Let me build on the work of my global mandate on internally displaced persons before making some general remarks on the challenges of reaching the vulnerable and ensuring protection for civilians in general. As you undoubtedly know, the crisis of internal displacement, which came to the attention of the international community with the end of the Cold War, affects some 25 to 30 million people in over 40 countries.

These are people who are up rooted from their homes and areas of normal residence as a result of internal conflict, gross and systematic violations of human rights, and other human-made and natural disasters. The main difference between internally displaced persons and refugees is that they remain within the borders of their countries and are therefore assumed to be under the protection of their governments.

Since the conflicts that generate internal displacement often have an aspect of an acute crisis of national identity, both as a cause and a factor in the response to the humanitarian consequences, these people often fall into vacuums of moral responsibility associated with the conflicts. Rather than be seen as citizens meriting protection and assistance from their governments, they are often perceived as part of the enemy, if not the enemy itself, and are therefore susceptible not only to neglect, but also to persecution.

As a result of pressures from a number of NGOs and governments concerned with providing protection and assistance for the internally displaced, the UN Commission on Human Rights became seized with the problem in 1992. The issue was recognized as one of great sensitivity, because internal displacement by definition is internal to the countries concerned and falls under their sovereign rights. The Commission decided to appoint a Representative of the Secretary-General to study the problem and advise the Commission on Human Rights on whether and how to be involved with this internal crisis. I was honoured to have been assigned that task.

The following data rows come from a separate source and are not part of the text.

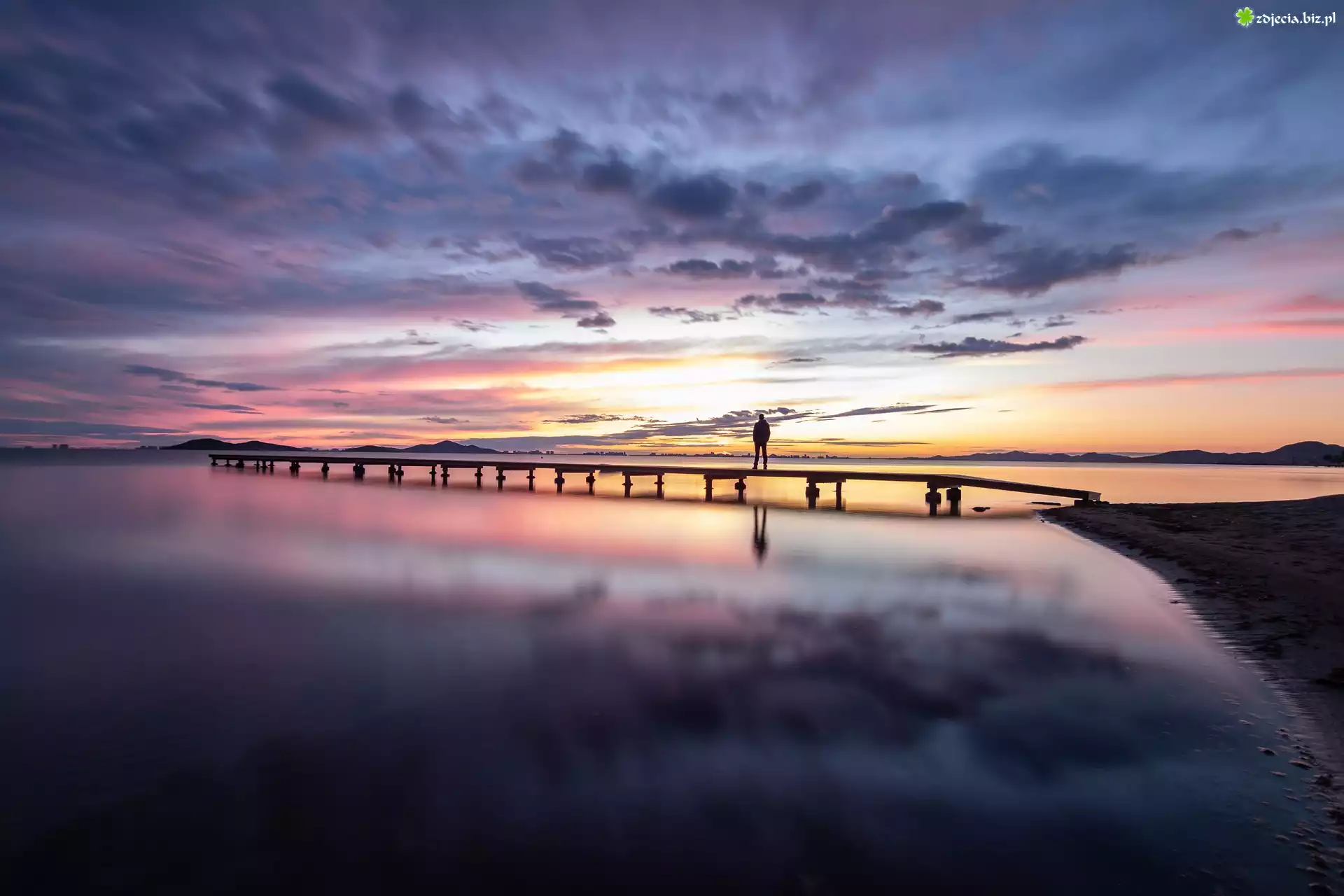 Zdjęcie Hiszpania, Region Murcja, Jezioro, Laguna Mar Menor, Pomost, Mężczyzna, Odbicie, Chmury, Zachód słońca, Niebo |
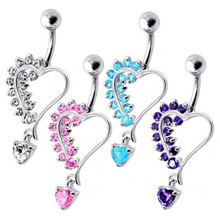 BP01312-C Stříbrný piercing do pupíku - srdíčko - srdce - čirá
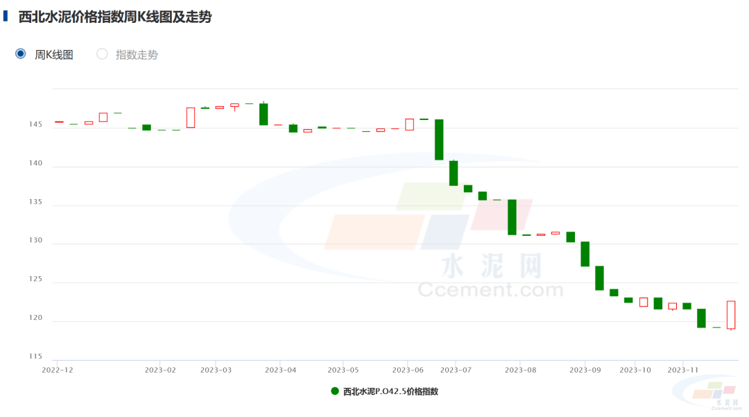 寧夏、甘肅、青海、新疆等地受低溫天氣影響,市場需求漸入淡季,水泥價格平穩(wěn)運行。
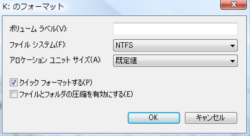 ここで、どうもNTFS形式でフォーマットしていないと怒られるらしいので、フォーマットします。

Over the years, my mandate has focused on four pillars of activities: the development of a normative framework, which culminated in the Guiding Principles on Internal Displacement; the development of appropriate institutional arrangements for international response; country missions and dialogue with governments and all those concerned with the problem of the internally displaced; and continuing study of various aspects of the problem, both generically and in specific situations.

There is no doubt that the international community has made considerable progress in responding to the crisis of internal displacement. The Guiding Principles have been well-received and are being widely disseminated and applied; appropriate institutional arrangements have been built around the concept of the collaborative approach, involving all pertinent agencies of the UN system and the international community; country missions have continued to provide “on the ground” assessments of situations in different countries and dialogue with governments and all those concerned with the problems of the displaced; and the overall level of awareness of the problem and the need for appropriate response at various levels have significantly been raised. And yet the crisis persists to pose challenges to the international community. There is still a considerable gap between the accepted normative standards and rhetorical commitments on the one hand, and their translation into effective protection and assistance to the affected populations.

As highlighted before, it should be noted that responding to the needs of internally displaced does not and should not imply favouring them over others equally affected by conflicts and related causes. The displaced are of course a particularly vulnerable group with specific needs resulting from their situations as an up rooted population. But there are other vulnerable groups even among the displaced, such as children, women, the elderly and the disabled. While these categories require measures appropriate to their specific needs, all civilian populations affected by conflict require protection and assistance as appropriate.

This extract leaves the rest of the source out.